Shane, if you have time, please apply the patch to a clean 5.0 tree and test with it.

Regards, Ingo
[10 May 2006 12:45] Ingo Strüwing
I dedetcted an unrelated bug (Bug #19604) that I need to fix before I can continue
testing.
[1 Jun 2006 15:33] Bugs System
A patch for this bug has been committed. After review, it may
be pushed to the relevant source trees for release in the next
version. You can access the patch from:

  http://lists.mysql.com/commits/7163
[23 Jun 2006 3:01] Shane Bester
multithreaded C program. see top of file for compile details

Attachment: bug20540.c (text/x-csrc), 5.37 KiB.

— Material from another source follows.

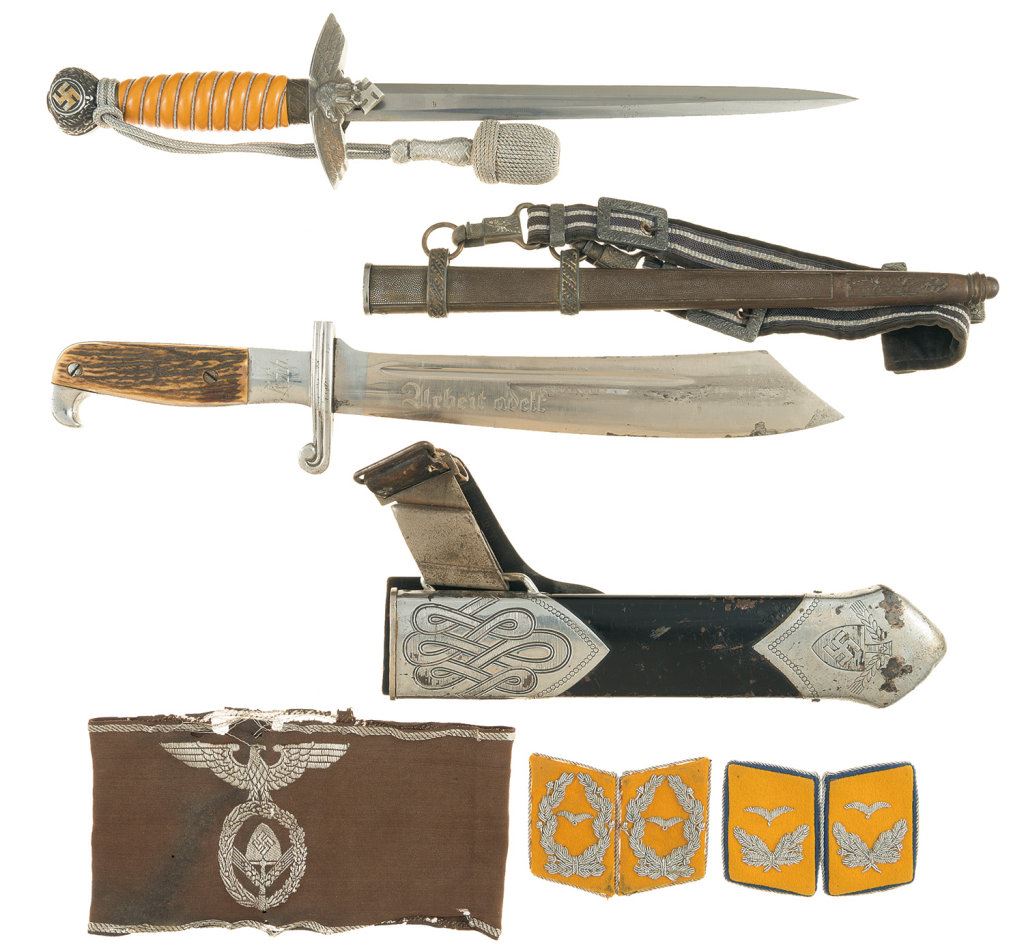 1) Eickhorn Luftwaffe dagger, 15" OAL, 9 3/4" blade, orange grip, silver wire portepee and a sheath with ribbon hanger. Mild spotting, otherwise good. 2) Krebs RAD enlisted hewer, 14 3/4" OAL, 9 5/8" blade, stag grip, black enamel sheath with leather hanger. Fair, with flaking nickel. 3) Two pair of Luftwaffe rank tabs (1 General major, 1 Lieutenant w/blue trim) and a RAD armband (brown cloth with silver wire borders and silver thread emblem). Tabs good with light stains, and the armband is rough, with wear and material loss.

[23 Jun 2006 3:03] Shane Bester
Ingo, Sorry for delay. compile the attached C program and run like this to kill the
server:

create table test(id int not null auto_increment primary key);

Then,

./bug20540 200 60 10 1 "insert into test values (),(),();set global
key_buffer_size=2048675;set global key_buffer_size=1048576;insert into test values
(),(),()" 192.168.250.3 3306 test root

crash happened within 1 minute on my box, over ethernet.
[26 Jun 2006 12:51] Ingo Strüwing
The last patch had a problem with FLUSH_IGNORE_CHANGED.
[26 Jun 2006 12:52] Bugs System
A patch for this bug has been committed. After review, it may
be pushed to the relevant source trees for release in the next
version. You can access the patch from:

  http://lists.mysql.com/commits/8239
[18 Jul 2006 17:10] Ingo Strüwing
I will split the fix in smaller pieces for easier review.
[1 Sep 2006 12:35] Bugs System
A patch for this bug has been committed. After review, it may
be pushed to the relevant source trees for release in the next
version. You can access the patch from:

  http://lists.mysql.com/commits/11242

ChangeSet@1.2208, 2006-09-01 12:34:55+02:00, istruewing@chilla.local +2 -0
  Bug#17332 - changing key_buffer_size on a running server
              can crash under load
  
  Resizing a key cache while it was in heavy use could crash the
  server. There were several race conditions.
  
  I reworked some of the algorithms to fix the race conditions.
[4 Oct 2006 20:07] RIchard Murphy
I am experiencing what would seem to be the same problem using Ver 14.7 Distrib 4.1.20,
for pc-linux-gnu
[1 Nov 2006 16:54] Ingo Strüwing
It is quite possible that this bug exists in 4.1 too. I'll check if we should fix it there
too.
[1 Nov 2006 17:38] Shane Bester
yes, 4.1.22 is also affected..

Attachment: 4.1_bk.txt (plain/text, text), 1010 bytes.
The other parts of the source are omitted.